Женщина его успокаивала, все затихло, Радик посмотрел на Лорку и Германа и заснул.
Затемнение и будто бы тихий рассвет. Зал, возвышение, с которого видно полукругом стоящих людей с фальшиво-траурными лицами, и в центре трое — горестная женщина, маленькая девочка, уцепившаяся за ее руку, и взрослый мальчик с другого бока — страшно одинокие в этой толпе, в этом мире, осиротевшие.
Двор, мусорные ящики, пьяная женщина, алкоголически пляшущая походка. Она падает. Подбегает мальчик, оглядывается, пытается поднять ее, плачет.
"Охотный Ряд". Следующая станция "Библиотека имени Ленина".
Осторожно, двери закрываются”.
Радик вздрогнул и очнулся в электричке метро. Вечный его спутник, чудаковатый профессор, протискивается к нему, извиняется и спрашивает с тревогой: “Что?

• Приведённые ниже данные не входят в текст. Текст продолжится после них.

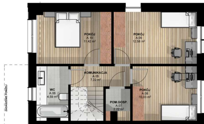
RZUT PODDASZA skala 1:100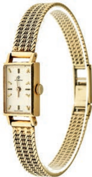
1325 Damenuhr "Candino", Mitte des 20. Jh., Ser. Nr. 4343, Gehäuse mit Helvetia 750er GG, Armband 585 GG gestempelt. Länge: Ca. 19,5 cm. Ca. 29,62 g, gehfähig. (Abbildungen siehe Onlinekatalog) 500,—

Что случилось, Радик?”
— Я только что увидел свою смерть, похороны свои. Как страшно мне за Лорку. Она сопьется без меня, у нее папа от этого умер. И как же мне жалко Германа. Это был он. А девочку я не знаю.

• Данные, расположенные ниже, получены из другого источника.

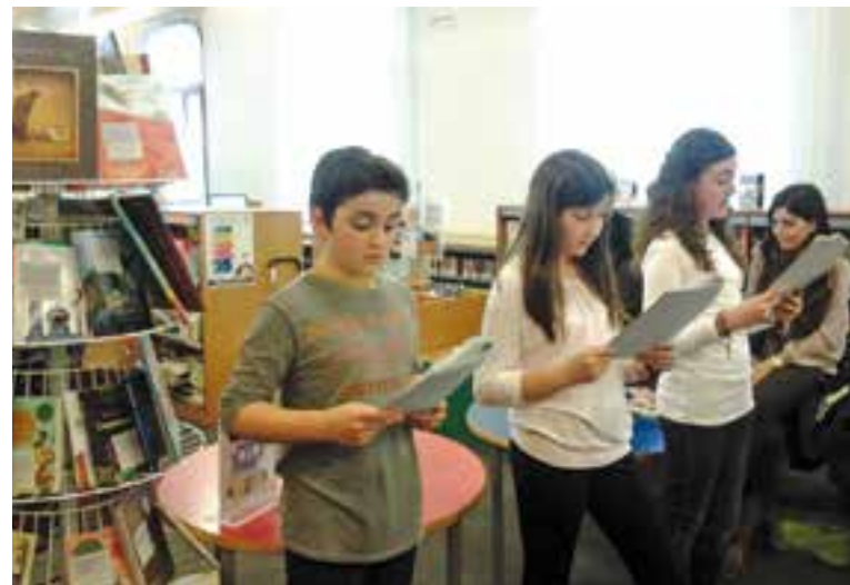
Infants a la celebració del Dia Internacional del Llibre Infantil, l'any passat. || CEDIDA

Des del 1967, el 2 d'abril, coincidint amb la data del naixement de l'escriptor danès Hans Christian Andersen, l'International Board on Books for Young People (IBBY) promou la celebració del Dia Internacional del Llibre Infantil per tal de promocionar els bons llibres infantils i juvenils i la lectura entre els més joves. ➔ || M. ANTÚNEZ

Радик, уже не очень-то молодой ученый, инженер, стоял и в третий раз пересчитывал галстуки Матабиш, они принимали смену, и товар не сходился. Ира считала верхнюю одежду и костюмы, Таня — сорочки и все остальное. Радик тупо слушал их разговор в подсобке, говорила Таня:
— Я сказала, папа нас любит, все, но он не вернется. Я понимаю, ребенок скучает, письма пишет, Деда Мороза ждет. Но, Ирусик, скажи лучше сейчас, чем когда ему будет 15 лет. Не приноси себя в жертву. И проверься на порчу. Может быть сглаз. Мне когда сказали — кто, я поняла — это подруга нашей семьи. Она меня любит: Танечка, Таточка, и она этим меня сглазила.
— А мы вчера Балантайс пили.
— Ну и как?
— Бензином отдает.
— Это из-за колы.
Девяносто процентов женщин на их этаже одинокие или матери-одиночки. Растят детей, копят деньги на дорогую одежду и поездки в Турцию или Египет, пытаясь воплотить там все свои мечты, детские и взрослые. Некоторое меньшинство все еще ждет и надеется, что в магазин приедет за ними принц на белом лимузине.
Радик догадывался, что его желание изменить жене с коллегой по работе умозрительное, да и нет в нем уже тех сил и средств на новые краски, хотя бы акварельные. И он просто ждал, зная уже по опыту “Труссарди”, что какая бы девушка-продавец ни была красивая, через некоторое время она посереет и погаснет для него и будет так же интересна, как платье Готье, с тем только выгодным преимуществом, что платье молчит. Они станут не мужчины и женщины, а братья по несчастью. Эта всепобеждающая лень от рутинной, нетворческой и подневольной работы, уничтожающая интерес ко всему вообще.
Как же Радику порой хотелось, чтоб у них были преданные мужья и отсутствовали месячные. Просто когда в жизни сотрудниц появлялись приятели, от них исходило сияние любви и добра, работать с ними было очень легко и приятно. Но мы живем в женское время, и настоящие мужчины остались только на экране.
Радик в ярости вывалил на стол содержимое всех галстучных коробок, хотел крикнуть что-то саркастическое в подсобку, обернулся и вздрогнул, увидев Славу Арак.